Целая ночь свободы! Телефон затих. Он вообще редко звонит с того воскресного вечера. Город не осмеливается нарушить мой покой. Маклинцы пекутся о моем здоровье. Они знают, как тяжко мне пришлось. Да и врач ли я еще? Имеет ли право поселившийся во мне новый человек на это звание? Город перестал доверять мне. Он не признает во мне больше доктора Алена Дюбуа. Я тоже. И тут мы почти единодушны. Мне не слишком нравится мое новое «я», но избавиться от него я не в состоянии. Придется мне его терпеть. Этот человек зарабатывает мало, а тратит чрезвычайно много, и ему это безразлично. Артюр Прево предоставил ему очень выгодные условия. Так что он как-нибудь выкрутится. Но разве имеет все это значение сейчас, в предвкушении безмятежной ночи, которую в любую минуту могут нарушить неожиданные события? У меня нет абсолютно никаких дел — просто не верится, чтобы мне не нашлось применения. Неужели для меня не сыщется хотя бы крохотная роль в каком-нибудь эпизоде?

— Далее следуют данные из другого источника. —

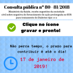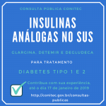 Insulinas que atualmente são fornecidas e financiadas por 11 Secretarias de Estado de Saúde, recebe da Conitec recomendação de não incorporação no SUS, médicos e pacientes podem se manifestar por meio de formulário online até essa quinta-feira, dia 17 de janeiro de 2019.
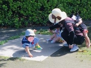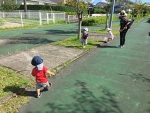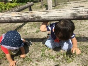 滑り台に登ったり、棒をくぐったり、公園のいろいろなものに興味を持って探検を楽しんでいるゆめ組さんでした☆
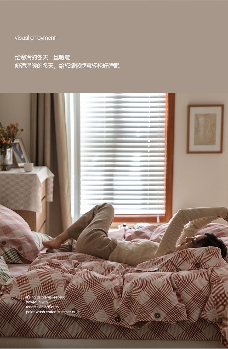 (总)寐眠 2023新款全棉色织水洗棉儿童夏被,粉大格,粉小格,灰白格,蓝大格,蓝小格,雾蓝格,小粉格
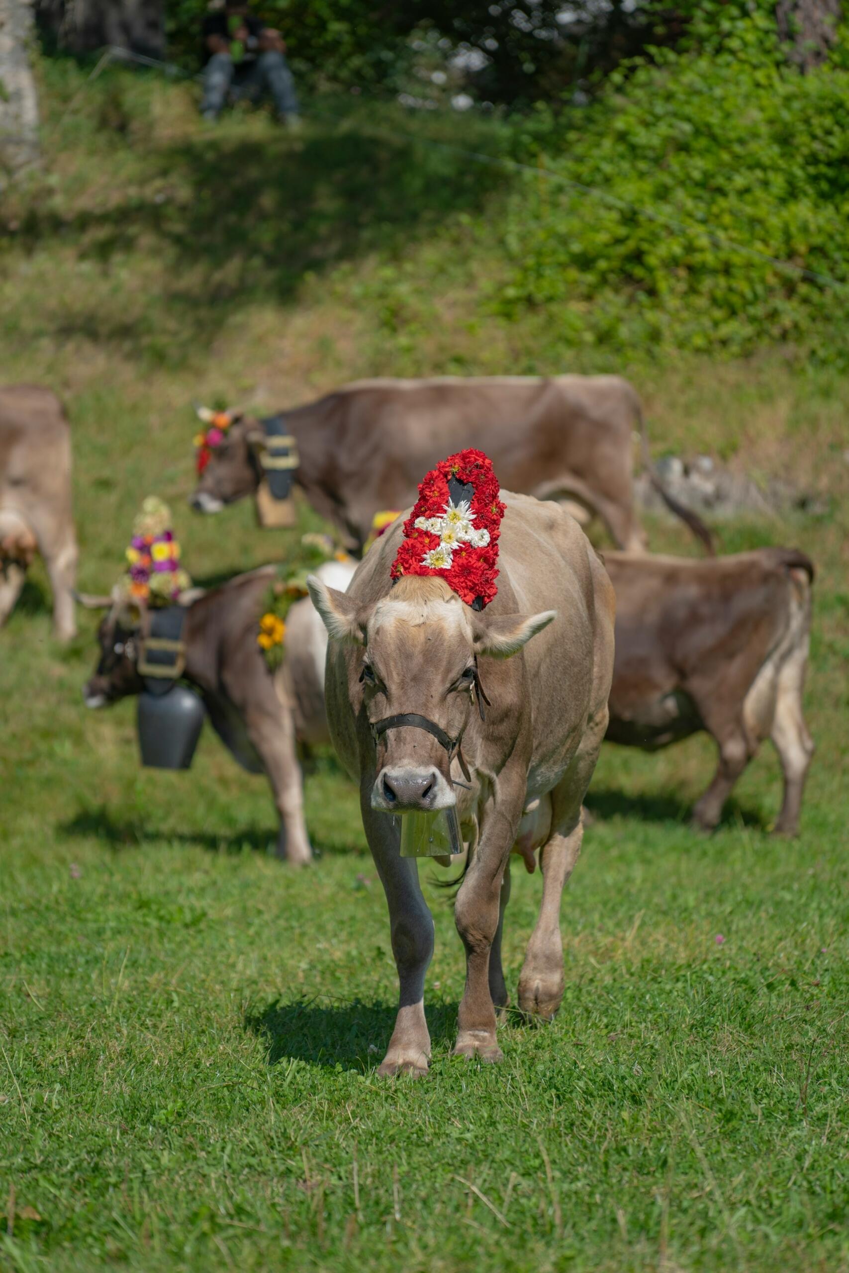 S'il y a bien un animal représentatif de la Suisse alémanique, c'est bien la vache. Sacrées, appelées d'ailleurs les "Reines", ces vaches sont décorées ! Il faut rappeler que la Suisse alémanique est réellement le cœur même des alpages et de l'élevage.
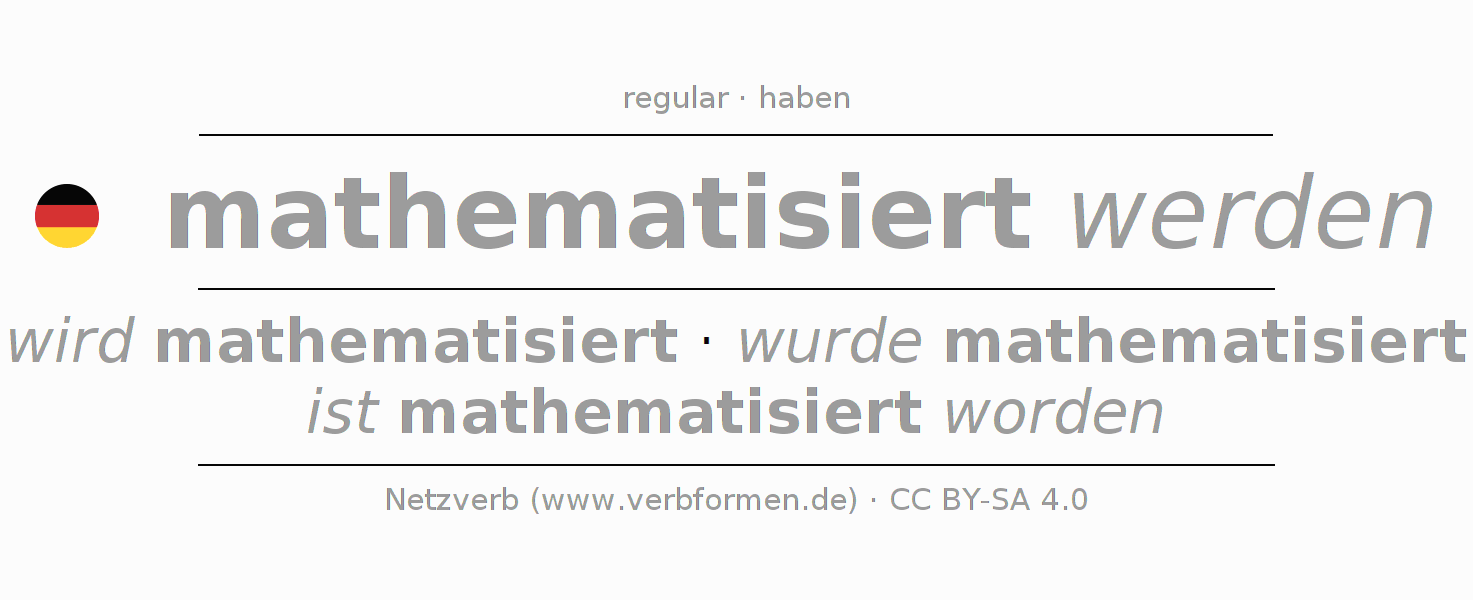 The conjugation of mathematisieren in Imperative Present Imperative Passive is -, -, -, -.The conjugation corresponds to certain grammatical rules. Likewise the requirements for the conjugation of the simple verb forms of mathematisieren in Imperative. Comments ☆
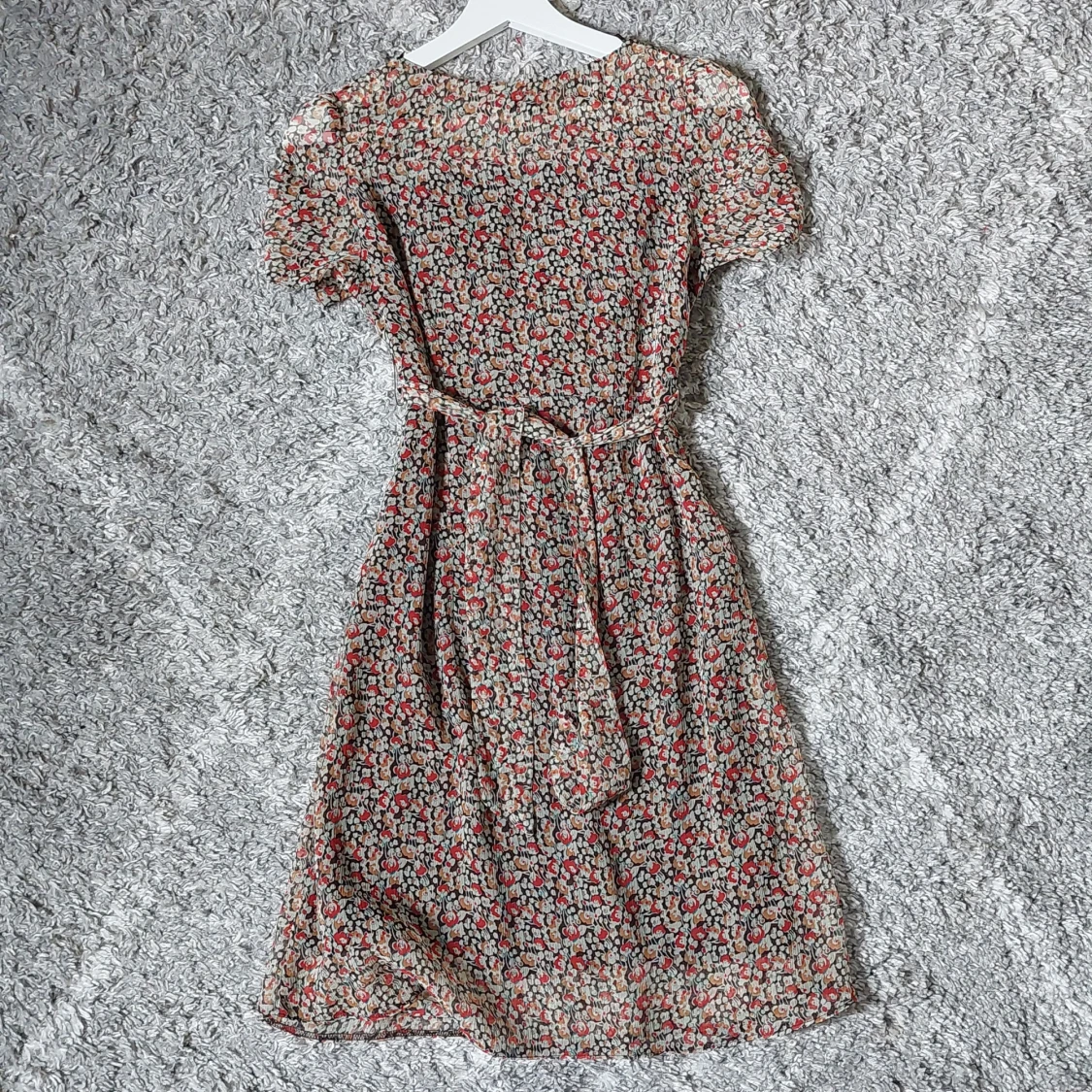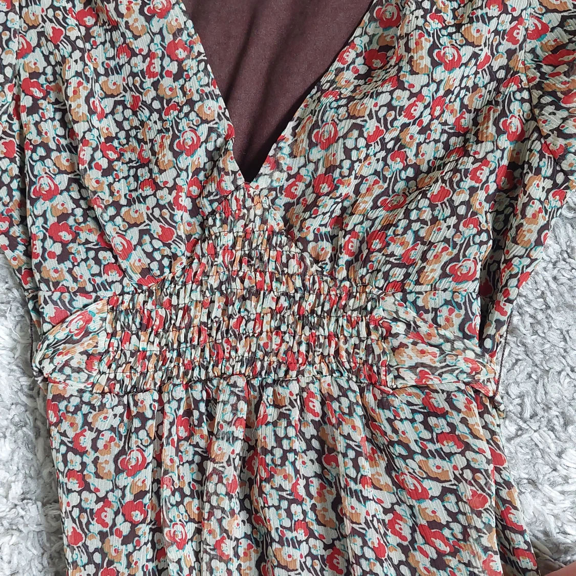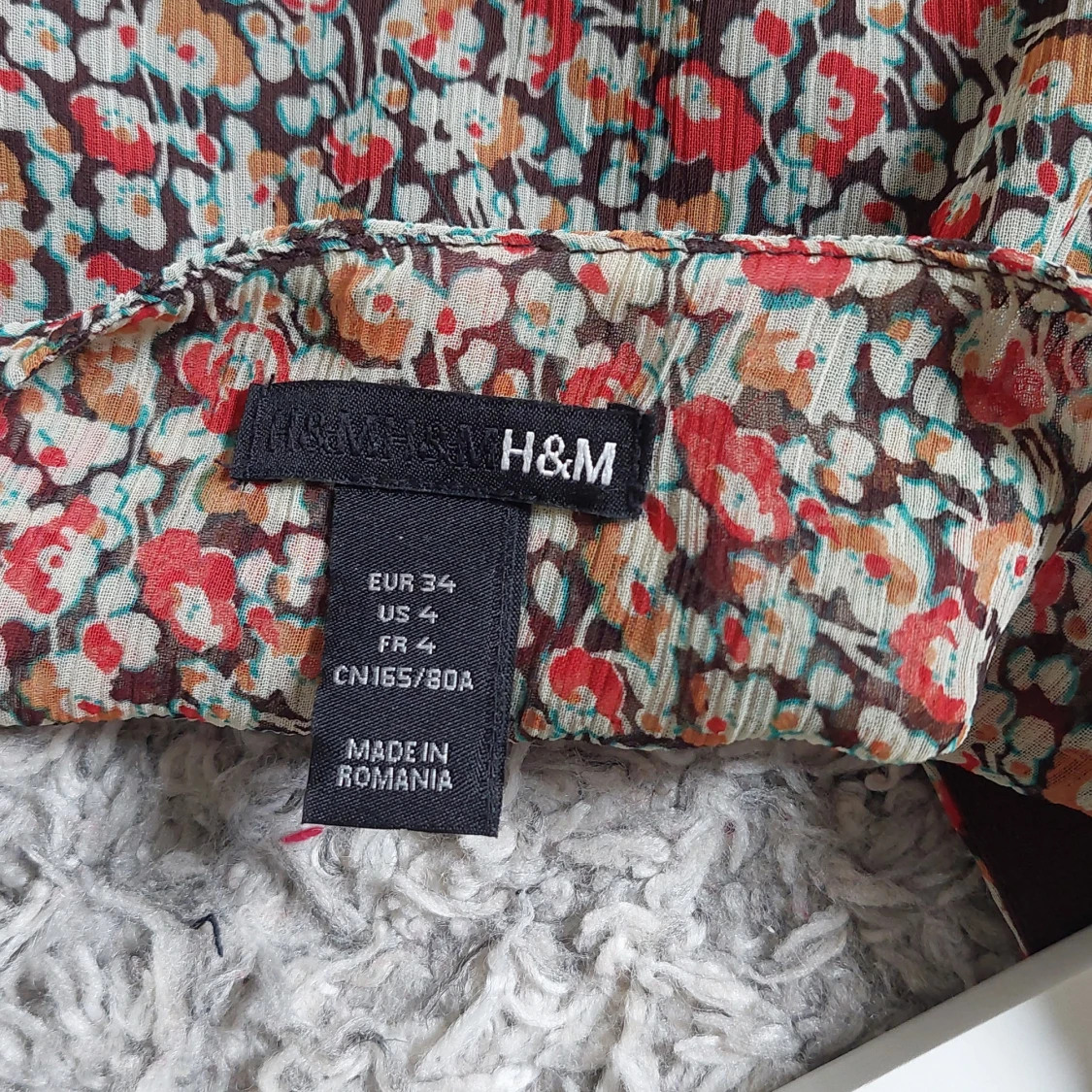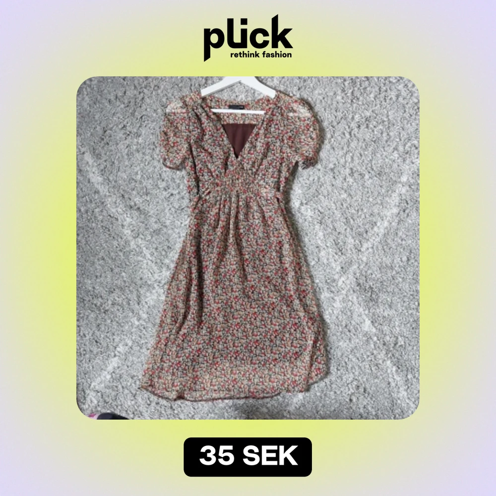 En blommig klänning från H&M i storlek XS. Klänningen har korta ärmar och en v-ringad hals. Justerbar storlke tackvare ett elastiskt midjeband och knytband i ryggen. Använd ca 1 gång och säljer då den är för liten för mig.

Тереза зовет меня в столовую. Стол накрыт, и она ждет от меня восторгов. Сервировка не отличается ни изысканностью, ни богатством, но Тереза изощрялась как могла, чтобы создать подобие роскоши. Блюда из накладного серебра; такие же ножи и вилки; новые, еще ни разу не использованные тарелки в цветочек; две красные свечи; еловые ветки в вазе и прозрачные бокалы под хрусталь, которые, видимо, должны создавать иллюзию блеска. Тереза считает, что хорошо — это значит много. Я неуверенно выражаю восхищение. Она не дурочка и в ответ столь же неуверенно благодарит меня улыбкой.
Перед тем как проститься, я длю ей немного денег в конверте. У меня не хватает воображения на более оригинальный подарок. Она целует меня в щеку, как благовоспитанная девочка. Счастье не делает ее эгоисткой.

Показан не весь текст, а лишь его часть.